Devletinin resmileşmesi, Kürd halkının maruz kalmış olduğu zulmün tazminatı olur. Kürd halkının yaralarının iyileşmesinin ortamı oluşur. Kürd halkının kendilerini Türk kabul eden vatandaşlarla barış içinde uygar komşu olarak yaşamalarını kabul etmelerinin koşullarını oluşturur. Bu proje kalıcı çözümdür. Taraflar açısından kabul edilir adil projedir.

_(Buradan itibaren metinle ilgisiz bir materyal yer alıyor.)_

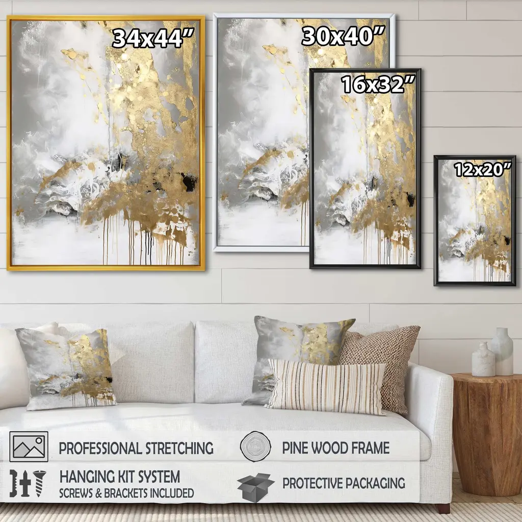 Designart "Pursuit Of Happiness Iv" Abstract Painting Framed Wall Decor - 24 In. Wide X 32 In. High - Gold
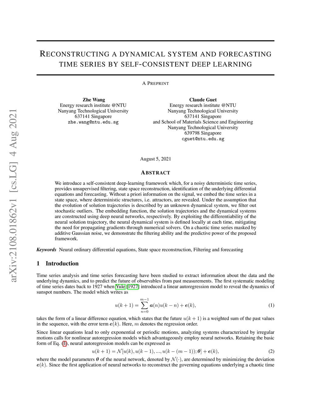 We introduce a self-consistent deep-learning framework which, for a noisy deterministic time series, provides unsupervised filtering, state-space reconstruction, identification of the underlying differential equations and forecasting. Without a priori information on the signal, we embed the time series in a state space, where deterministic structures, i.e. attractors, are revealed. Under the assumption that the evolution of solution trajectories is described by an unknown dynamical system, we filter out stochastic outliers. The embedding function, the solution trajectories and the dynamical systems are constructed using deep neural networks, respectively. By exploiting the differentiability of the neural solution trajectory, the neural dynamical system is defined locally at each time, mitigating the need for propagating gradients through numerical solvers. On a chaotic time series masked by additive Gaussian noise, we demonstrate the filtering ability and the predictive power of the proposed framework.
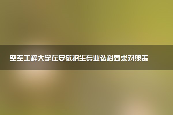 空军工程大学在安徽省的招生专业选科要求,对于正在规划选科的考生来说非常重要。以下小编汇总了主要的选科类型及相关专业,希望能帮你快速了解。选择自己擅长和感兴趣的科目,更容易取得好成绩。新高考采用等级赋分制,考生需要考虑在该科目上的相对竞争力。
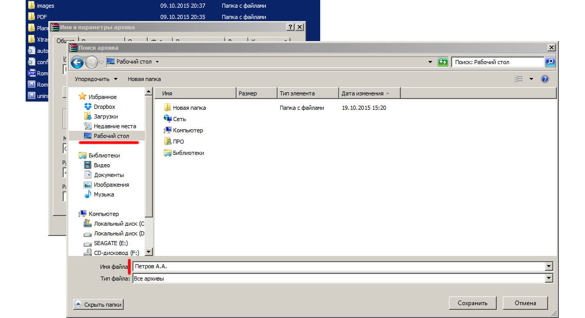 Затем в окне «Поиск архива» надо выбрать, куда сохранить архив. (К примеру, его можно сохранить на «Рабочий стол»). В нижней части открывшегося окна необходимо заполнить поле «Имя файла». Там мы печатаем Ф.И.О. (Петров А.А.) и нажимаем ОК. Файлы с КТ автоматически архивируются. Смотрите картинку ниже:
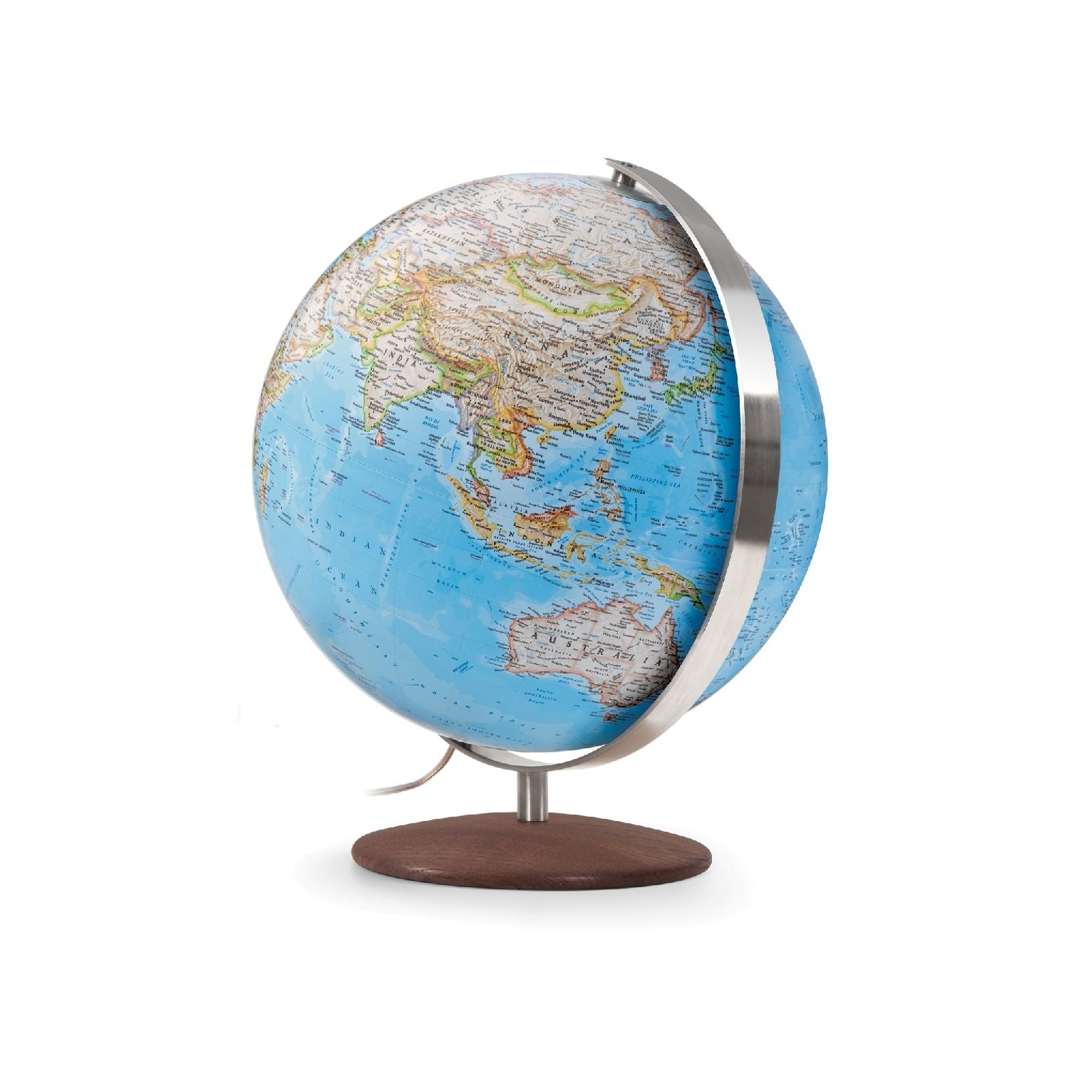 Dieser beleuchtete Tischglobus von National Geographic verbindet auf gekonnte Art und Weise Tradition und Moderne. Die Kugel mit der durch die National Geographic Maps Division erstellten Kartographie "Classic" oder "Executive" hat einem Durchmesser von 30 cm. Das Kartenbild ist im Wesentlichen politisch, physische Informationen sind durch Schattierungen angedeutet. Über 2.000 geografische Namen sind auf diesem Leuchtglobus verzeichnet.
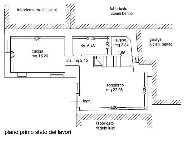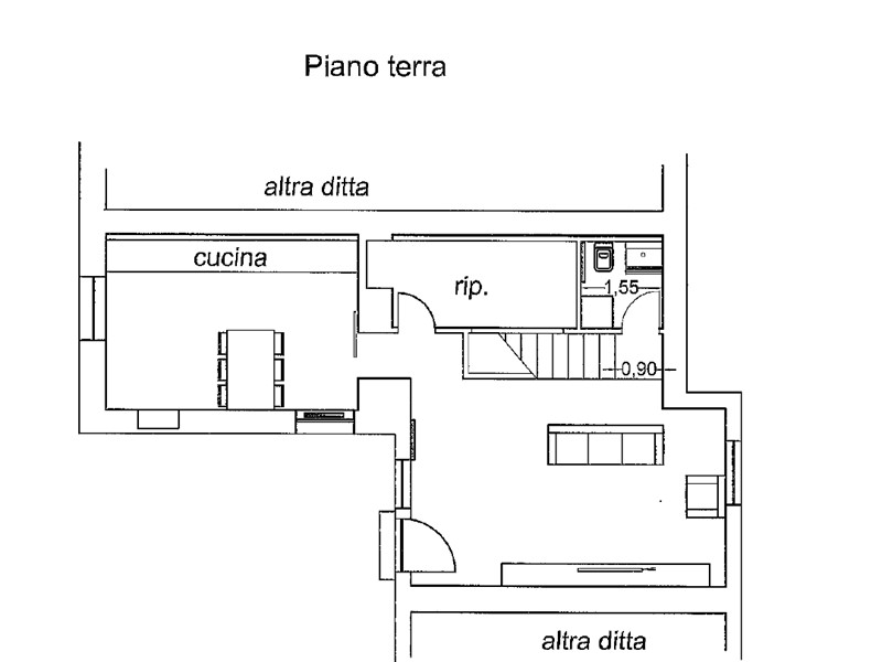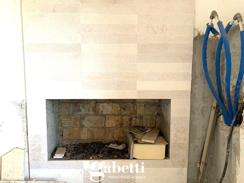- Piano terra : ingresso sulla zona living con salottino, cucina abitabile con camino e una zona di servizio con bagno e ripostiglio.
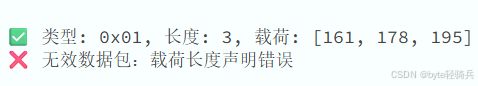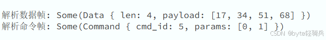 }fn main() {let data_frame = [0x01, 0x04, 0x11, 0x22, 0x33, 0x44];println!("解析数据帧: {:?}", parse_frame(&data_frame));let cmd_frame = [0x02, 0x05, 0x00, 0x01];println!("解析命令帧: {:?}", parse_frame(&cmd_frame));
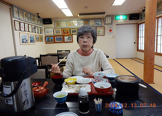 また部屋からは、清澄山や鴨川の町が遠望できます。 ![]() 撮影:青山貞一 Nikon Coolpix S9900 2018-12-12 下は翌日(12月13日)に行く予定の清澄山頂近くの日本山妙法寺の御仏舎利塔の遠望です。 ![]() 撮影:青山貞一 Nikon Coolpix S9900 2018-12-13 下はもともとあった部屋をぶち抜いて作った本館2階の食堂です。 ![]() 出典:www.booking.com 下は出発日(12月12日)、本館2階で朝食をとる池田です。 ![]() 撮影:青山貞一 Nikon Coolpix S9900 2018-12-13 ところで、江澤館で特筆すべきことは、スタンダードの一泊料金の中に、超すばらしい夕食がでることです。残念ながら写真を取り忘れましたが、以下は池田の記憶による料理です。 この季節(12月)は、おつくりのメインにホウボウがでました!! 鯛の兜煮は大きな頭を二つに割ってありましたがたっぷり身がついていて、絶品でした。 1.おつくり(お刺身) ・ホウボウ ・太刀魚(タチウオ) ・鰹(カツオ) ・鰺(アジ) ・イナダ? 2.鯛の兜煮 3.茶碗蒸し 4.煮物(里芋、にんじん、高野豆腐。。。) 5.酢の物(サラダに魚) 6.寄せ鍋(うどんと魚介) 7.サザエの壺焼き 8.焼き魚(甘鯛) 9.ご飯 仁右衛門島1につづく 千葉視察総合目次 |
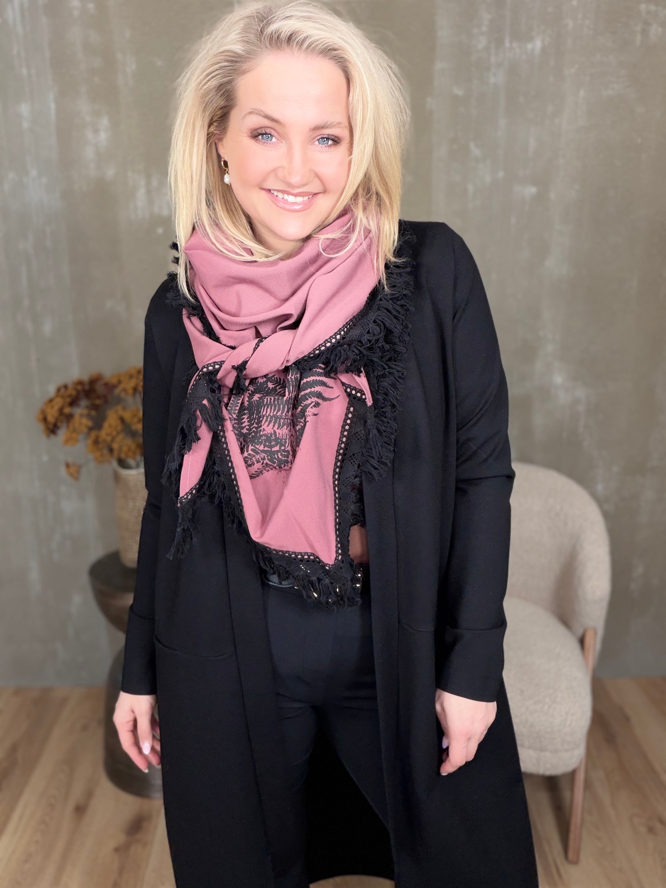 Klútarnir eru tímalausir og poppa upp hvaða dress sem er, þeir eru einnig oft notaðir sem sjöl enda stórir og notalegir með kögri sem gerir þá enn áhugaverðari og gefur þeim örlitla hreyfingu.

Şimdiye kadar Kürd halkının şehirleri köyleri yakılmış, yıkılmış ve milyonlarcası sürgün edilmiş. Şimdiye kadar Kürd halkı adına ağalar, beyler, şeyhler, evliyalar, aşiretler, aydın ve demokrat olarak görünen şahsiyetler gibi siyasi hareketlerde Türkiye Devletiyle birlikte çözüm aramışlar ama olmamış. Son olarak Bay Erdoğan iktidarının PKK ile çözüm üretme gayretleri olmamış. Tutmamış. Bende bu son gayretin verimli sonuç verebileceğini ummuştum. Bu son gayret bir projeyi yaşama geçirmek içindi. Demektir ki bu çalışmalar ve gayretler iyi niyetli olsa da tutmadı. Olabilecek bir proje üretmemiz gerekiyor. Yukarıda kısaca izah etmiş olduğum proje Türkiye Devleti tarafından kabul edilirse hem Türkiye, hem kendilerini Türk kabul eden vatandaşlar, hem Kürd vatandaşları hem de Türkiye ve Kurdistan Birleşik Devleti için kalıcı çözüm olur. Bölge ve Dünya barış ve istikrarı böylece sağlanmış olur. Türkiye Devleti bunu kabul etmezse ve bu projeden daha uygun bir proje yaşama geçirmezse, Kürd’ler kendilerine yandaş bulup savaşla hak ve adalet aramaya yönelirler. Buda taraflar için yıkımı getirir.